# Memory benchmarks — live status board

Living checklists for every agent-memory benchmark donto runs. donto is built to **win these benchmarks through its philosophical extraction** — evidence-anchored, contradiction-preserving, bitemporal claims — not episodic-chunk stuffing. So each page tracks not just the score but whether the *claim layer* is doing the work.
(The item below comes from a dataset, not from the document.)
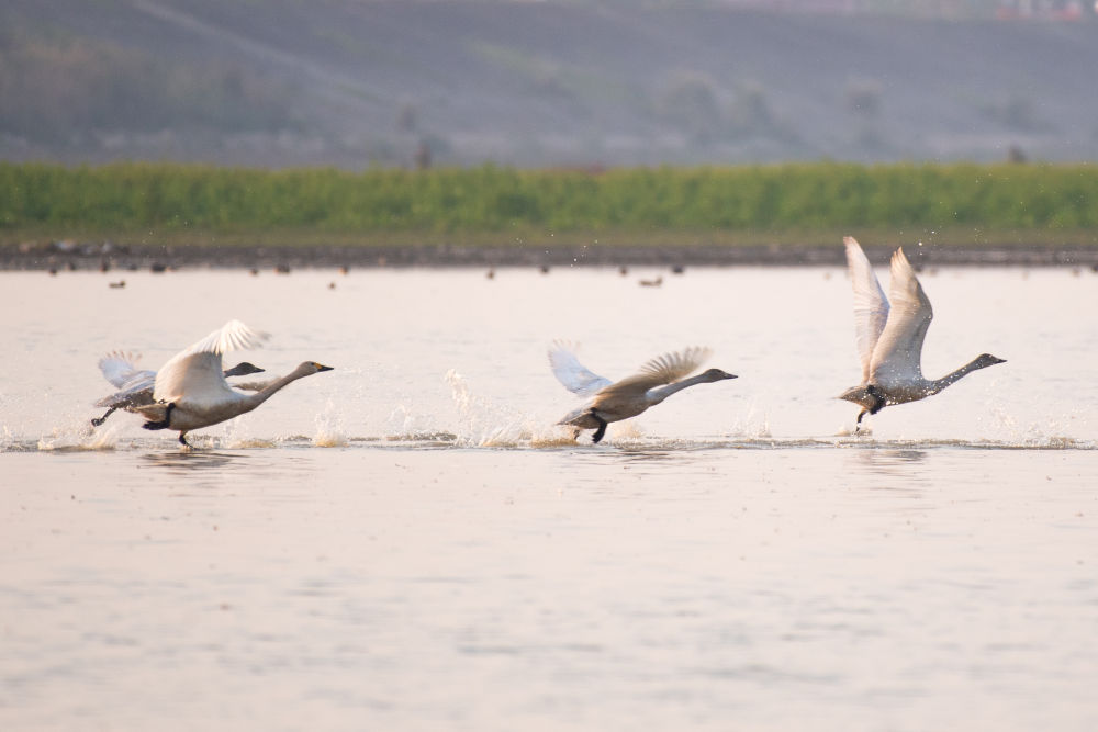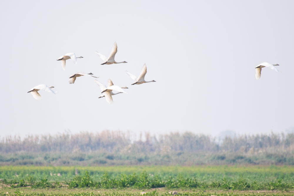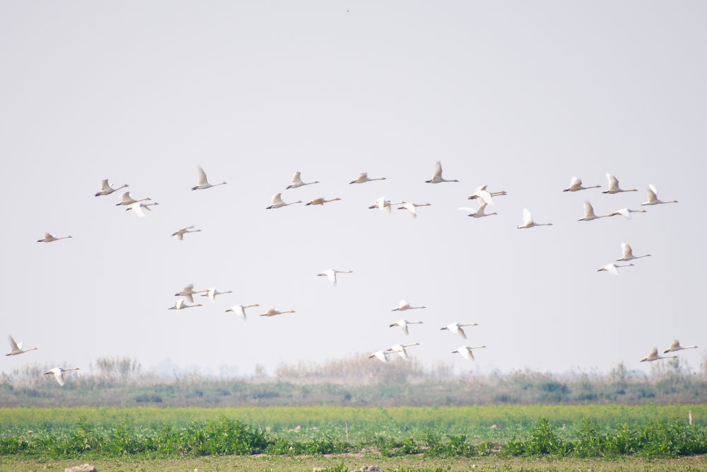 ↑11月10日,小天鹅在湖南西洞庭湖湿地上空飞翔。

Updated as runs progress.

_Last updated: 2026-06-11._

| benchmark | reference target | donto status |
|---|---|---|
| **[LongMemEval](/benchmarks/longmemeval)** (`_s`, 500 Q) | Zep 90.2% | ✅ baseline **91.0%** (episodic-only; extraction upside pending) |
| **[LoCoMo](/benchmarks/locomo)** (1,540 Q) | Zep 94.7% | 🔄 building claim layer → coverage curve → scored run |
| **[BEAM-10M](/benchmarks/beam)** (~200 Q) | Hindsight 64.1% | ⏸ paused (partial 0.684 at ~5% coverage) |

## The method (same for all)

1. **Build the foundation** — ingest, embed chunks, extract the claim layer (verified in `donto_statement`, not the queue's `done` flag).
2. **Align** — embed predicates/entities, build the alignment closure so **predicate folding** is live (on a quiet box — never while extraction loads it).
3. **Measure** — scored run on a clean gateway (never shared with extraction); report accuracy **per category**, retrieval latency, and context tokens.
4. **Prove the philosophy** — the extraction-coverage curve and claims-only recall, showing the win comes from the claim layer (especially knowledge-update / temporal / multi-hop), not raw recall.
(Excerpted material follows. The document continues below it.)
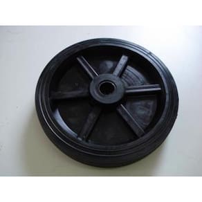 - Material Pneu: Borracha - Material Núcleo: PP (Polipropileno) - Diâmetro da roda: 9' ou 228,6mm - Diâmetro furo eixo: 7/8 ou 22,22mm - Capacidade de peso por roda: 120kg - Largura da Roda: 50mm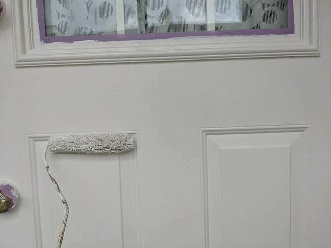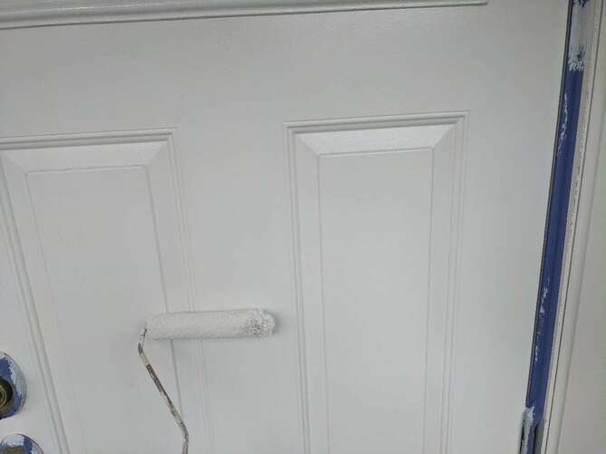ドアの下塗りを行っています。 -

## Hard rules (paid for in lost hours)

- **Never share the inference gateway** between a producer (extraction) and a consumer (reader/judge) — holo3.1 returns empty-under-load and silently corrupts both.
- **`status='done'` ≠ extracted** — reconcile against `n_claims>0` and `donto_statement`.
- **Build before measuring** — no scored run until the claim layer is real and folding is live.

_These benchmarks are an instrument for building donto: every reading — a 55K-token context, an empty-under-load, an under-built claim layer — is steering signal for what to build next._